- RECORDS TO USE:
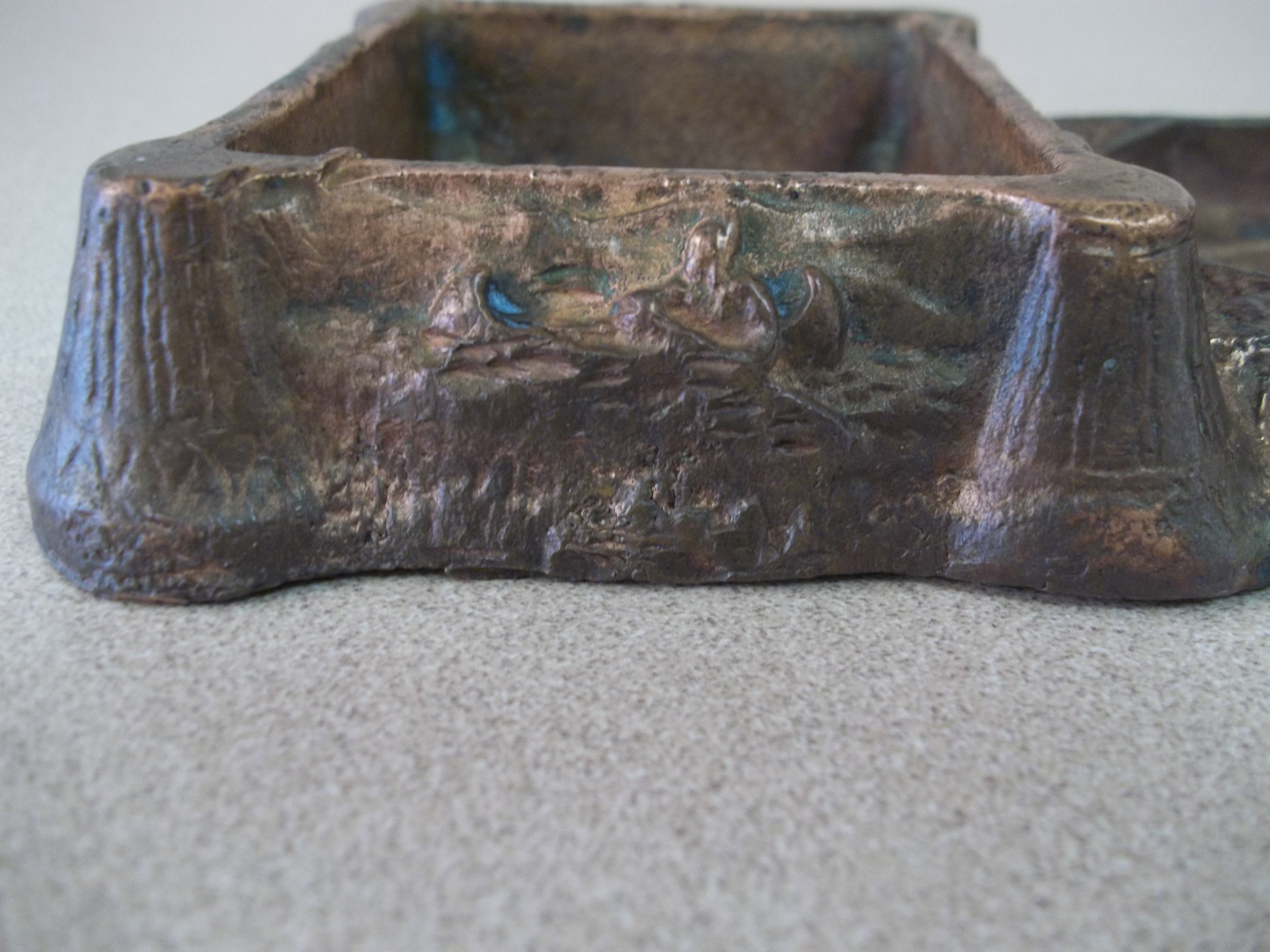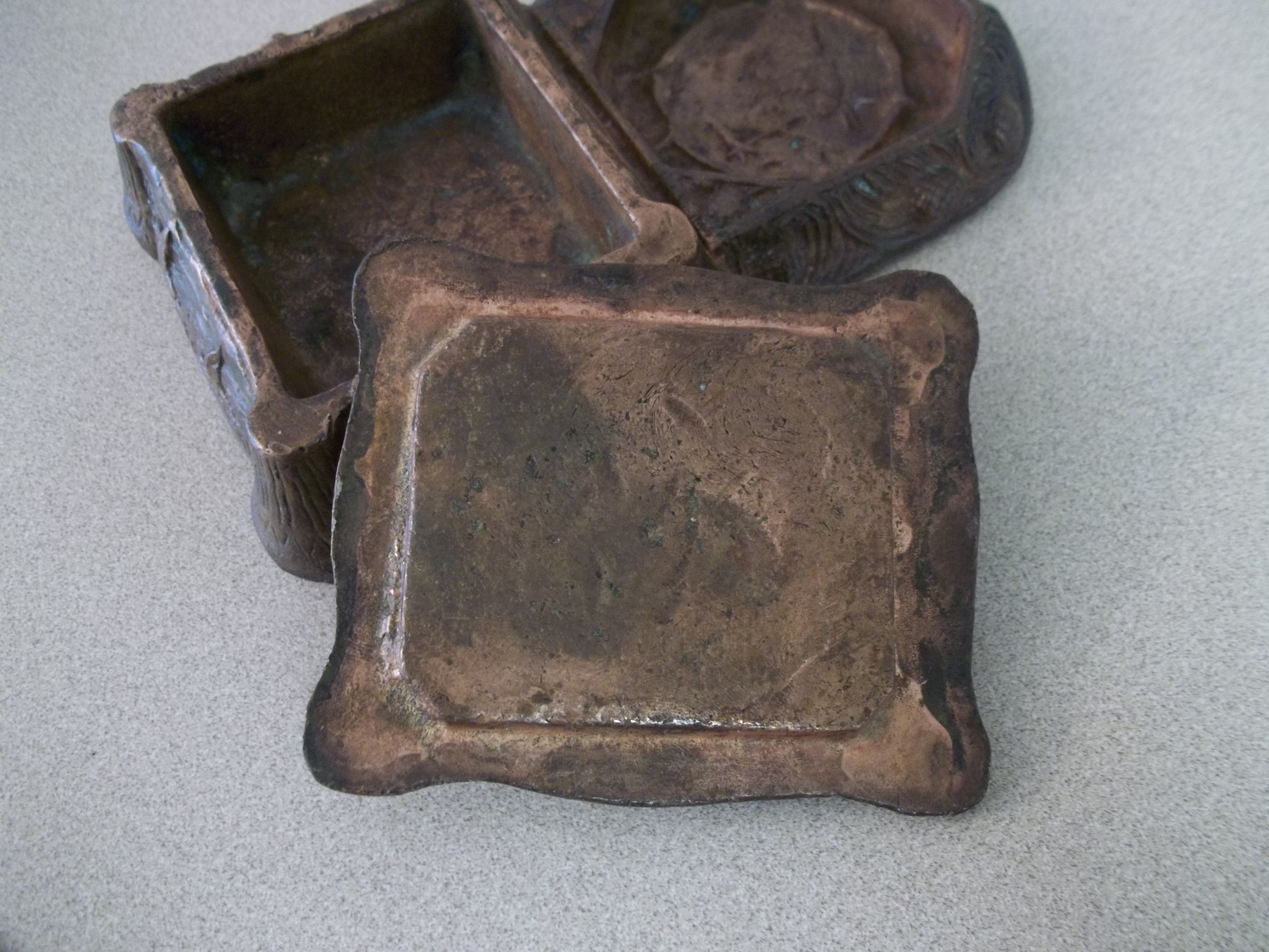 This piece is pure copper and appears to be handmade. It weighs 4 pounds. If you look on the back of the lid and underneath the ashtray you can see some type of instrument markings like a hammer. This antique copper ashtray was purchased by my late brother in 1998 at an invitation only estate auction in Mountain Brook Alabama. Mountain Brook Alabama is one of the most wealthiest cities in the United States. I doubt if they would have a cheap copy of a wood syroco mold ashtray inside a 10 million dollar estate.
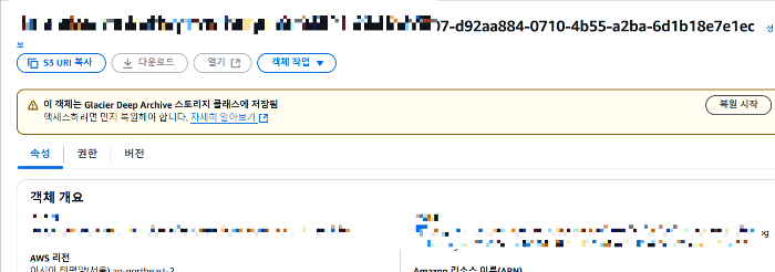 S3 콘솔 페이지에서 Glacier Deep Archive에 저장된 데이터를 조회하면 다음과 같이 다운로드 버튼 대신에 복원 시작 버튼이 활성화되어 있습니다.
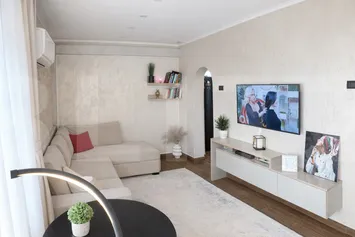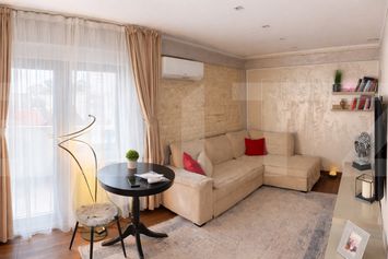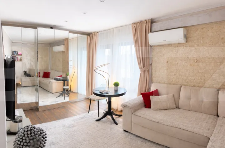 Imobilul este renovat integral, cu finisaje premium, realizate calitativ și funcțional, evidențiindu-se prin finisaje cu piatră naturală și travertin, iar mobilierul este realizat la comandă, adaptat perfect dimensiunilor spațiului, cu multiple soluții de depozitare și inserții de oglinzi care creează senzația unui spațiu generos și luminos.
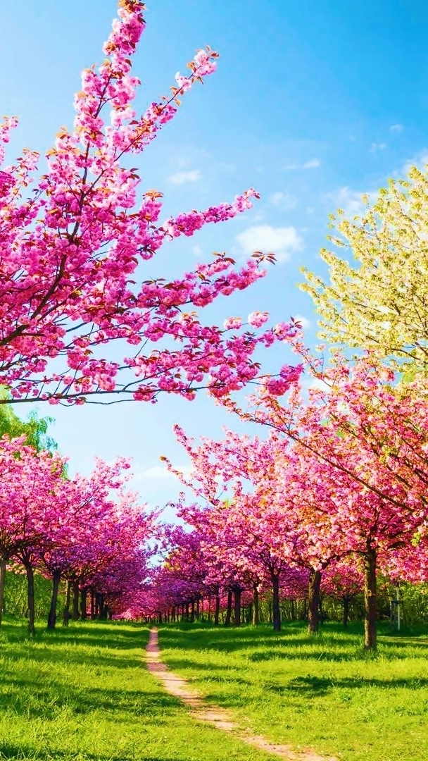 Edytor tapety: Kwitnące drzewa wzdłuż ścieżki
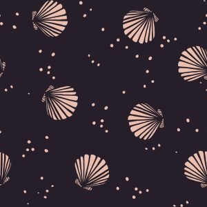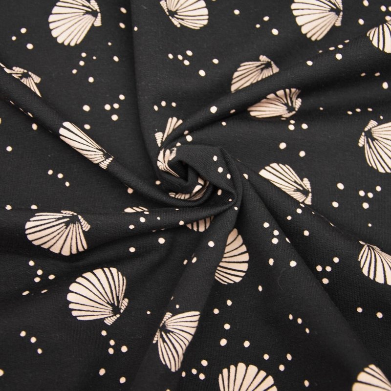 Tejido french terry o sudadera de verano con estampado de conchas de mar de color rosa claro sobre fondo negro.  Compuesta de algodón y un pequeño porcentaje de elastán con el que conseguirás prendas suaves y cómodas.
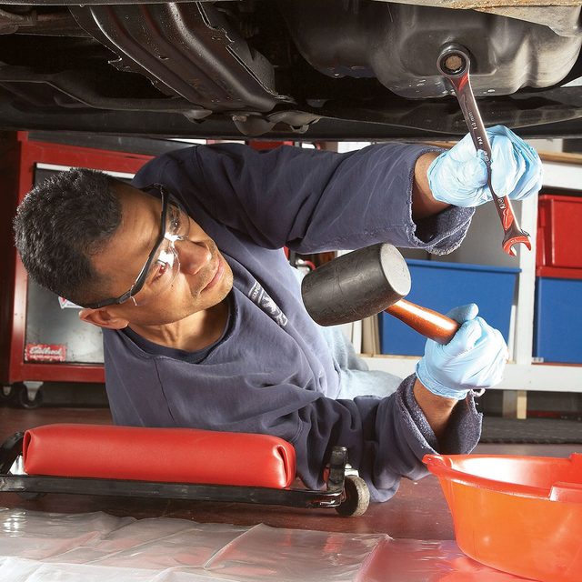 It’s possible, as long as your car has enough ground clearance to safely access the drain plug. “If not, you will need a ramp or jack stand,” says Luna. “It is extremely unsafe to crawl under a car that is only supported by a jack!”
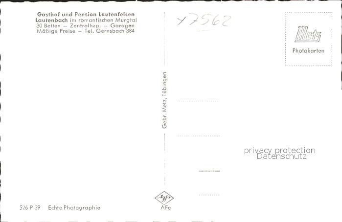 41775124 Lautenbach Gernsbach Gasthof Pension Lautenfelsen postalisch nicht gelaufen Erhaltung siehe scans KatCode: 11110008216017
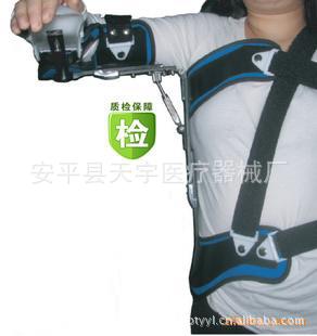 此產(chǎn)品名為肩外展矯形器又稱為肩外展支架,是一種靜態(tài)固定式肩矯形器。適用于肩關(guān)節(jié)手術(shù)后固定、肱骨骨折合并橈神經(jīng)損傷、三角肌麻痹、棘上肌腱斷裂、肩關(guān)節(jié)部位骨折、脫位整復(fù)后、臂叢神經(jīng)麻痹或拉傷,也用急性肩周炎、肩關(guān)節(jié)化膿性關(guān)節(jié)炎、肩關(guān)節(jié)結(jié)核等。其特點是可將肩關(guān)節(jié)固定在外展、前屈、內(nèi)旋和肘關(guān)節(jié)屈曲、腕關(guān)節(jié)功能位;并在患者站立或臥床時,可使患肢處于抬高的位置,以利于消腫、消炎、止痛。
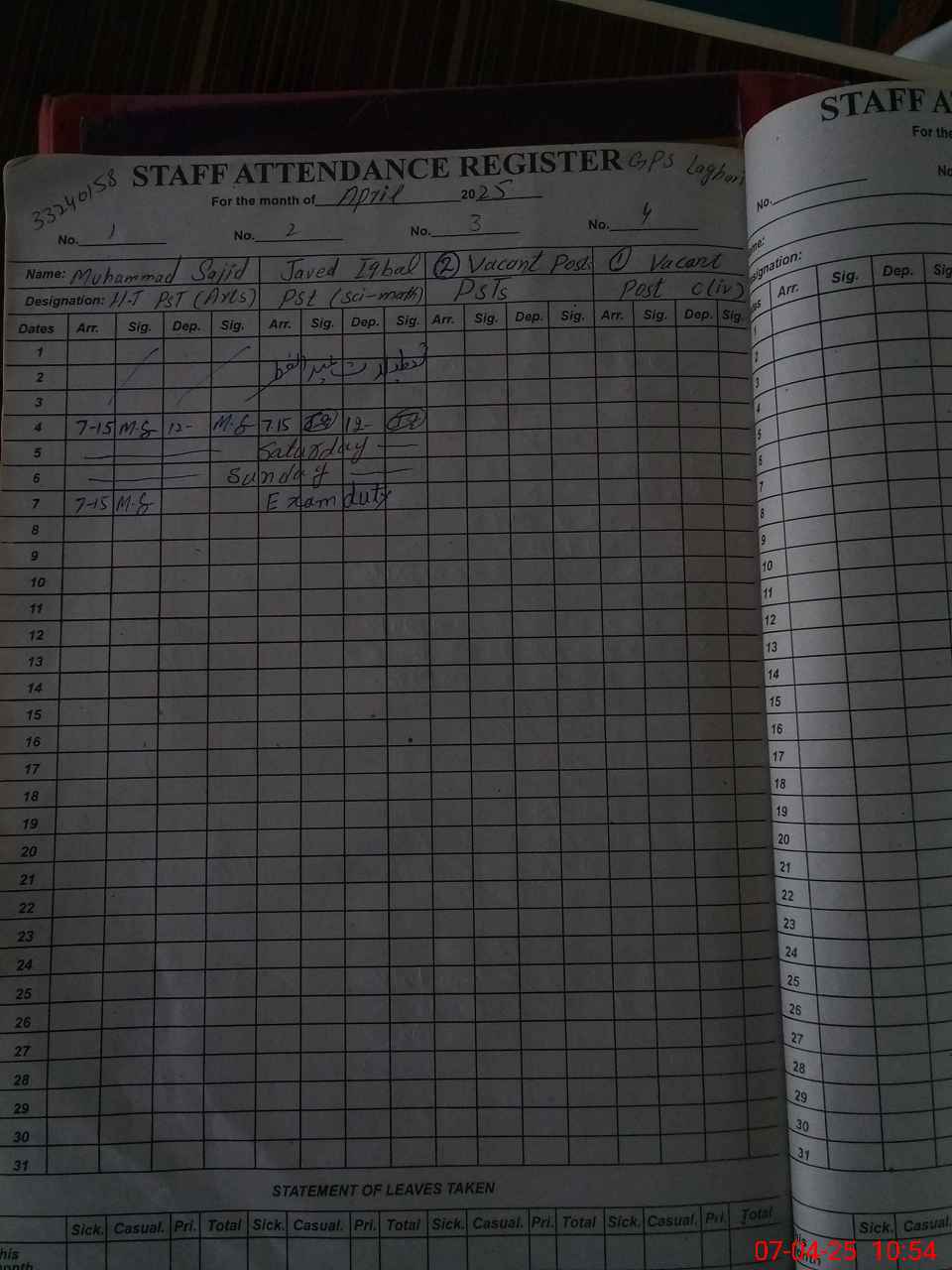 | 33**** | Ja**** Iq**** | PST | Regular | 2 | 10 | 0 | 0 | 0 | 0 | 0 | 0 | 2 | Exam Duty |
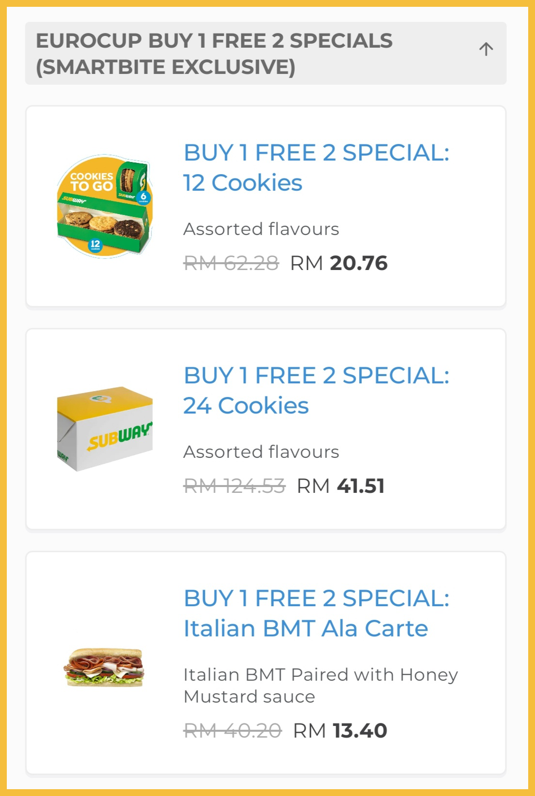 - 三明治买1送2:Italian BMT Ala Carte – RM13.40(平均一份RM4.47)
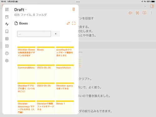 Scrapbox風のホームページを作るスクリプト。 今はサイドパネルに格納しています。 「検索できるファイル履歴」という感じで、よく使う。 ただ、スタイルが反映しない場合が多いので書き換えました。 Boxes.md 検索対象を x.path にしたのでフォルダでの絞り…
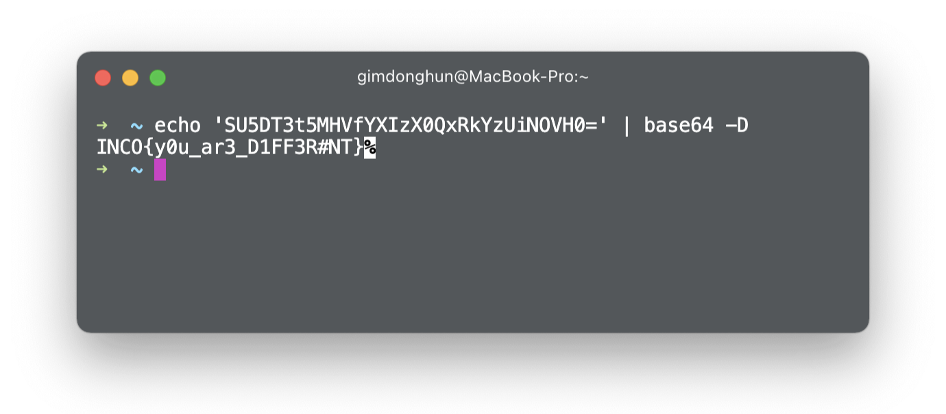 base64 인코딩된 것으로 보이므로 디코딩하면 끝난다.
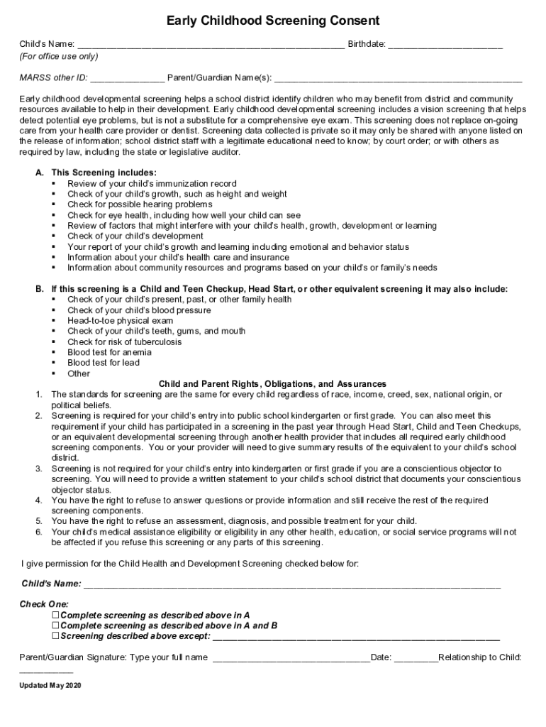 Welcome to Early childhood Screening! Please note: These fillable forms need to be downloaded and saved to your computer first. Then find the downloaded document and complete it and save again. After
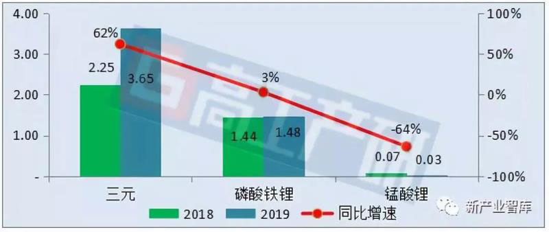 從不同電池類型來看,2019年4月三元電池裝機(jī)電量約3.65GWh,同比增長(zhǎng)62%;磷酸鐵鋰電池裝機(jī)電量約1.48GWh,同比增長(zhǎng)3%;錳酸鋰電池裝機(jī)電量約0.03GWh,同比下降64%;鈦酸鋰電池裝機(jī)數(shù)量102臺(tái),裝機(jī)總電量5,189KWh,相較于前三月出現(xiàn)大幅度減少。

- WHAT YOU WILL DO:
Exactly the lines above, from the one containing "Exam Duty |" down to the one containing "Welcome to Early", are to be repeated, including both ends. Pictures are not part of the copy.

- ANSWER TO THE PROBLEM:
 | 33**** | Ja**** Iq**** | PST | Regular | 2 | 10 | 0 | 0 | 0 | 0 | 0 | 0 | 2 | Exam Duty |
 - 三明治买1送2:Italian BMT Ala Carte – RM13.40(平均一份RM4.47)
 Scrapbox風のホームページを作るスクリプト。 今はサイドパネルに格納しています。 「検索できるファイル履歴」という感じで、よく使う。 ただ、スタイルが反映しない場合が多いので書き換えました。 Boxes.md 検索対象を x.path にしたのでフォルダでの絞り…
 base64 인코딩된 것으로 보이므로 디코딩하면 끝난다.
 Welcome to Early childhood Screening! Please note: These fillable forms need to be downloaded and saved to your computer first. Then find the downloaded document and complete it and save again. After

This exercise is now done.